L’evento del 2 dicembre è stato organizzato in collaborazione con la Fondazione Carima, con la Fondazione Giustiniani Bandini e con l’Università di Macerata. “Ci stiamo mettendo in rete con molte altre realtà della regione in un lavoro innovativo di ascolto e di dialogo, per provare a inventare insieme delle soluzioni a beneficio del territorio tutto”, ha spiegato il rettore di UniMc, John McCourt. “Rischiamo – ha aggiunto – di costruire o ricostruire strutture e di non avere più persone a frequentarle. Perciò, dobbiamo costruire un futuro diverso che si baserà sulla nostra capacità di immaginare nuove soluzioni di grande flessibilità. Dobbiamo impiegare tutto quello che ci può dare l’intelligenza artificiale, ma sempre con una mano umana a gestirla. Con soluzioni nuove, dobbiamo cercare di ripopolare borghi che in troppi casi sono abbandonati o rischiano l’abbandono”.
Fulcro del focus group il ruolo delle nuove tecnologie per il rilancio dell'entroterra. A entrare nel merito della questione sono stati Marco Mazzanti, direttore scientifico della Struttura internazionale di ricerca sull’intelligenza artificiale in Cardiologia, e Fabio Miraglia, amministratore delegato del Gruppo Giomi Next. Il primo ha parlato della funzione che ospedali virtuali e cure a domicilio potrebbero svolgere per contribuire allo sviluppo delle aree interne del cratere. Il secondo ha presentato il modello del Civitas Benefit “San Terenzio” di Vallefoglia, nel Pesarese, esempio di smart community che coniuga benessere, tecnologia e sostenibilità.
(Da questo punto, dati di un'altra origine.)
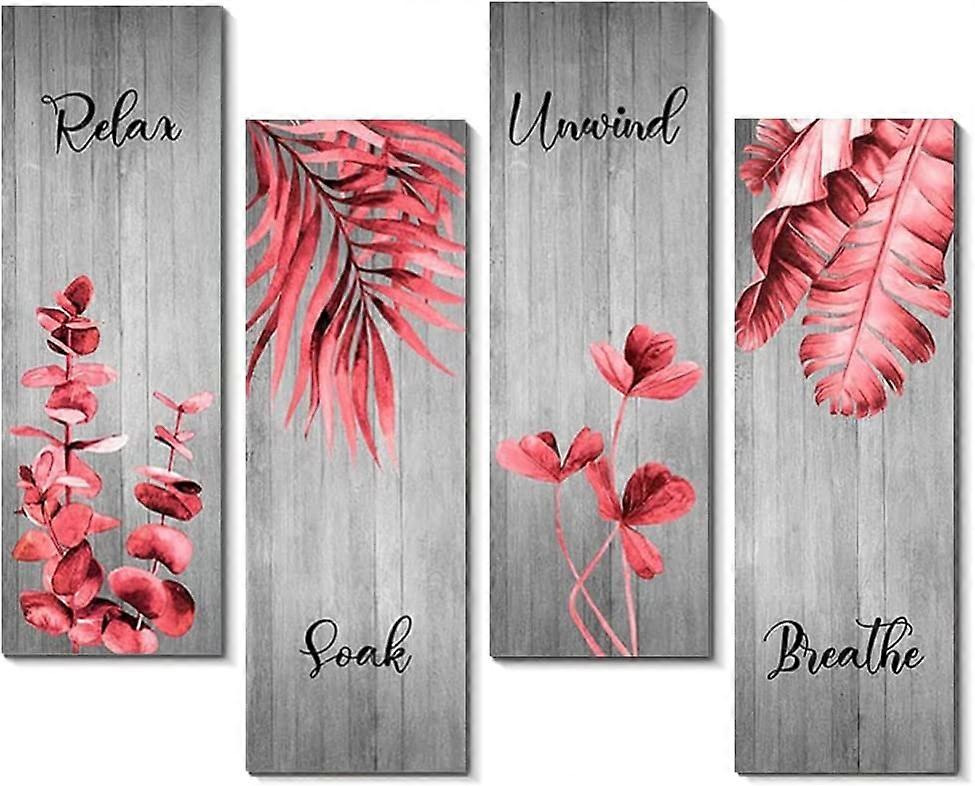 Blue Wall Art 4 Pieces Relax Soak Unwind Breathe Sign Bathroom Wall Art Print Set, Wood Plaque Hanging Bathroom Wall Decor, Small 4 x 12 Inch x4pcs

A chiudere gli interventi, coordinati dalla prorettrice vicaria di UniMc, Catia Giaconi, il commissario straordinario alla Ricostruzione, Guido Castelli, che in video collegamento ha sottolineato il ruolo centrale del Terzo settore nella ricostruzione del tessuto sociale delle aree interne. “Abbiamo elaborato – ha detto Castelli – la strategia "NextAppennino" che si basa sull’idea che, in un momento in cui la crisi demografica morde in maniera molto significativa, l’Appennino si potrà salvare solo se saprà agganciare la contemporaneità e far tesoro di quelle direttrici di sviluppo che possono essere l’antidoto all’isolamento geografico”. “Da questo punto di vista – ha proseguito il commissario straordinario –, l’innovazione è forse una delle più grandi alleate del rilancio delle aree appenniniche, perché consente di contrastare l’isolamento geografico, a patto di creare un ecosistema che dia indicazioni perseguibili anche nel resto delle aree interne del nostro Paese”.